The actual annotation keys are configurable in Prometheus but the above are kind of a default / “standard”.

Of course the port would still have to be a http end-point returning metrics at some customizable path. Pretty much all of the “system” K8s services (and any “cloud-native” ones) are usually exposing such monitoring end-points and this is kind of a standard.

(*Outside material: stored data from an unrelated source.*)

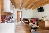 Die Appartements sind mit je zwei Doppelzimmer mit Vollholzmöbel, Zirbenbett und einer großzügigen Sonnenterrasse mit Blick auf das Hochkar ausgestattet.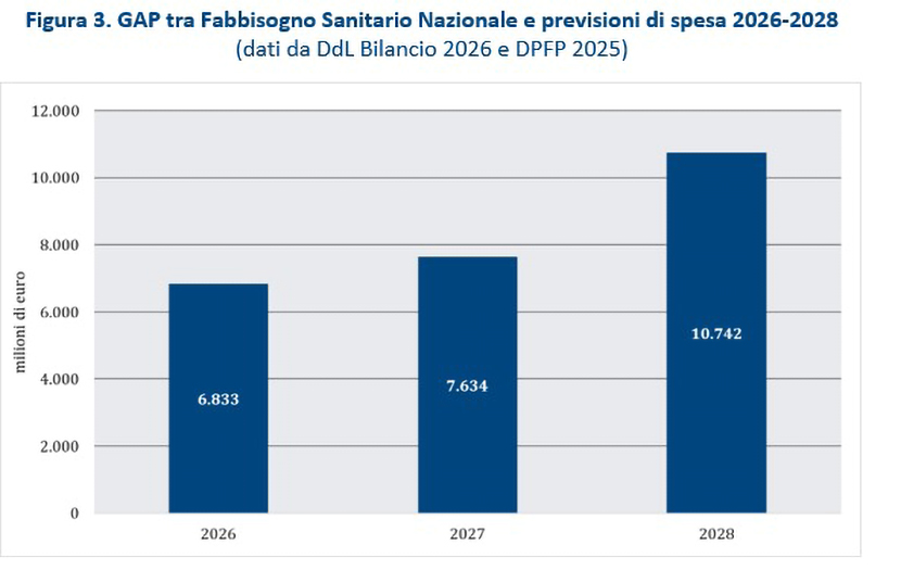 Un altro punto critico sollevato da Gimbe riguarda il forte divario tra le risorse destinate al Fsn e le previsioni di spesa sanitaria. Nel 2026, il gap è di 6,8 miliardi di euro, cifra che cresce nei due anni successivi, arrivando a 7,6 miliardi nel 2027 e 10,7 miliardi nel 2028.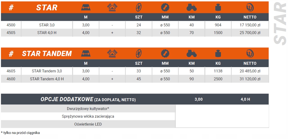 Do uprawy przedsiewnej wymagane jest: dobre wyrównanie, kruszenie przy dobrym zagęszczaniu (ubijaniu) na różnorodnych glebach. Wał STAR jest idealnym narzędziem do tego typu zadań. Ciężkie żeliwne koła wału zachodzą między siebie aby samoczynnie się oczyszczać w trakcie pracy. Wał STAR wyposażony jest naprzemiennie w koła żeliwne 550 mm i 500 mm. Zróżnicowana wielkość kół sprawia, że gleba zagęszczana jest dwuwarstwowo. W wersji STAR TANDEM koła są jednej średnicy (fi 550 mm) jednak rozmieszczone są w dwóch rzędach dzięki czemu prędkość pracy może być większa.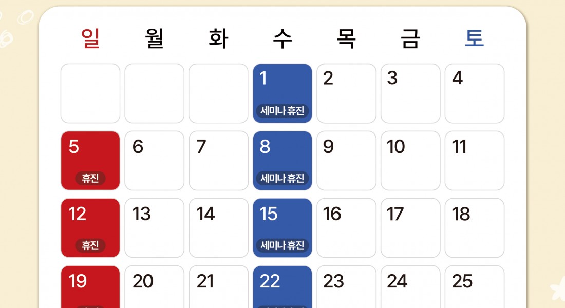 진료일정을 참고하시어 예약 및 내원에 불편함 없으길 바랍니다.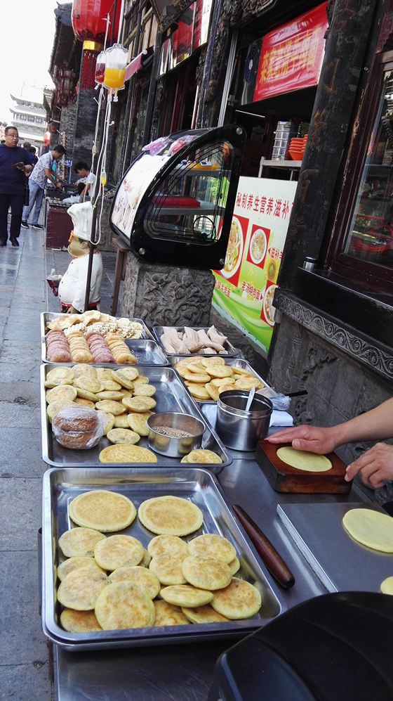 平遥号称有108种小吃,餐饮特色以面食为主,在明清一条街上品尝了平遥的小月饼。

I already had my Scrape plugin capable of dealing with Prometheus-type of metrics so I just needed the auto-discovery part. And of course as with a lot of other stuff that would be a Plugin, at least initially. I also needed a Scala/Java client library to be able to talk to the K8s system APIs and went ahead with fabric8.io - a great library working fine for me and without too many surprises.

So my new “Kube” plugin would work like this:

That wasn’t too hard to implement and I was able to get it basically working quite quickly. I don’t necessarily love the fact that the Kube Plugin is generating configs for the Scrape Plugin which in turn is generating actual SMG configs. But I guess with K8s its all about layers on top of other layers so not a huge deal.

I also thought that it would be a good idea to have graphs from all “kubectl top …” numbers. K8s has an API for that and fabric8 supports it so I introduced some special :kube plugin commands to be available for use in templates. I made these result in OpenMetrics compatible format so I could hook a command like :kube top-nodes (there are also top-pods, top-conts) as a scrape plugin command, and the Scrape plugin would handle the SMG config generation from there.

One property of K8s object instances is that these tend to be quite dynamic. The “Kubernetes way” of making a service healthy would be to start a new instance elsewhere (possibly “auto-scaling”) and scrapping misbehaving pods. Normally any stats coming from given pod would include the pod name (to be distinguished from other pods with the same metrics). These names however contain some random-looking strings ensuring the object instance uniqueness. E.g. a Pod managed by a Deployment named my-service could be named like my-service-01234567-qwert. How many variable components an object name has would depend on the K8s object type. If used “as is” that would mean that I would have a new object generated under the new name for every deploy and effectively lose history. I am not exactly sure how that is handled in Prometheus and Grafana but since the number of extra name components is known (depending on the object type), I could simply strip these and replace them with a numeric index to get some more “stable” object ids which also get long term history. So in the above example my-service-01234567-qwert would become my-service._1.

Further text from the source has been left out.